───── Recorded information ─────

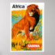 Vintages Reiseplakat für Sabena Airlines nach Afrika mit einem majestätischen Löwen in der Wildnis.
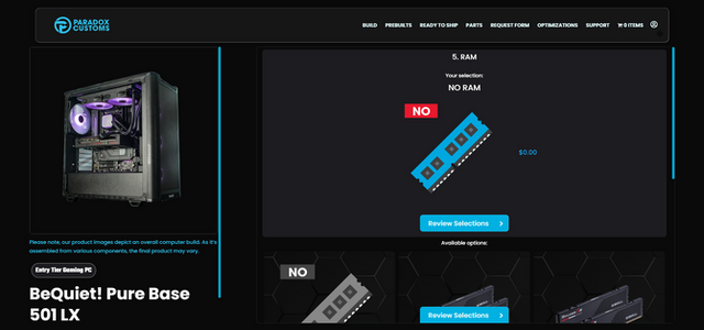 PCパーツ、特にメモリ(RAM)の価格高騰が続く中、海外のBTOショップ「Paradox Customs」が、メモリを搭載せずにPCを購入できるオプションの提供を開始しました。
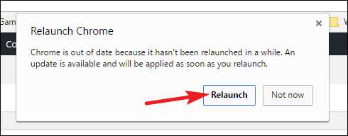 Chrome आपको चेतावनी देता है कि अपडेट को लागू करने के लिए उसे पुन: लॉन्च करने की आवश्यकता है, इसलिए जारी रखने के लिए "Relaunch" बटन पर क्लिक करें।
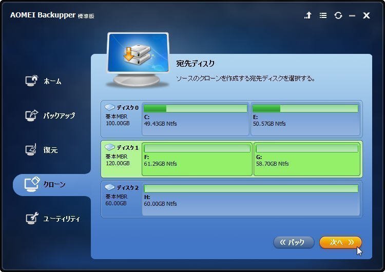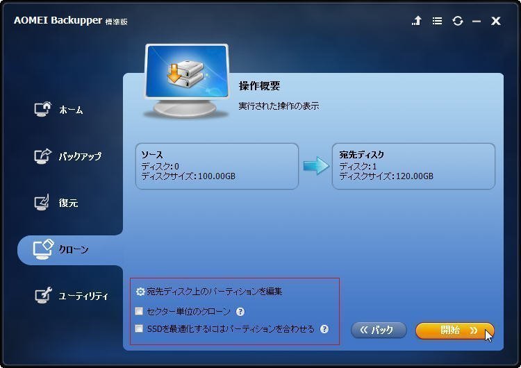 強力なKingston SSDクローンフリーソフトAOMEI Backupper Standard(完全無料)は、「ディスククローン」機能を備えます。数回のクリックだけでHDDからSSDへ中身を丸まんま移行することができます。HDDに入っているデータも全てクローンすることができます。クローン作成中にKingston SSDを最適化することもできます。

─────

What the task requires: Every line of the listing above is to be repeated exactly, with its pictures left out.

Reply:
 Vintages Reiseplakat für Sabena Airlines nach Afrika mit einem majestätischen Löwen in der Wildnis.
 PCパーツ、特にメモリ(RAM)の価格高騰が続く中、海外のBTOショップ「Paradox Customs」が、メモリを搭載せずにPCを購入できるオプションの提供を開始しました。
 Chrome आपको चेतावनी देता है कि अपडेट को लागू करने के लिए उसे पुन: लॉन्च करने की आवश्यकता है, इसलिए जारी रखने के लिए "Relaunch" बटन पर क्लिक करें।
 強力なKingston SSDクローンフリーソフトAOMEI Backupper Standard(完全無料)は、「ディスククローン」機能を備えます。数回のクリックだけでHDDからSSDへ中身を丸まんま移行することができます。HDDに入っているデータも全てクローンすることができます。クローン作成中にKingston SSDを最適化することもできます。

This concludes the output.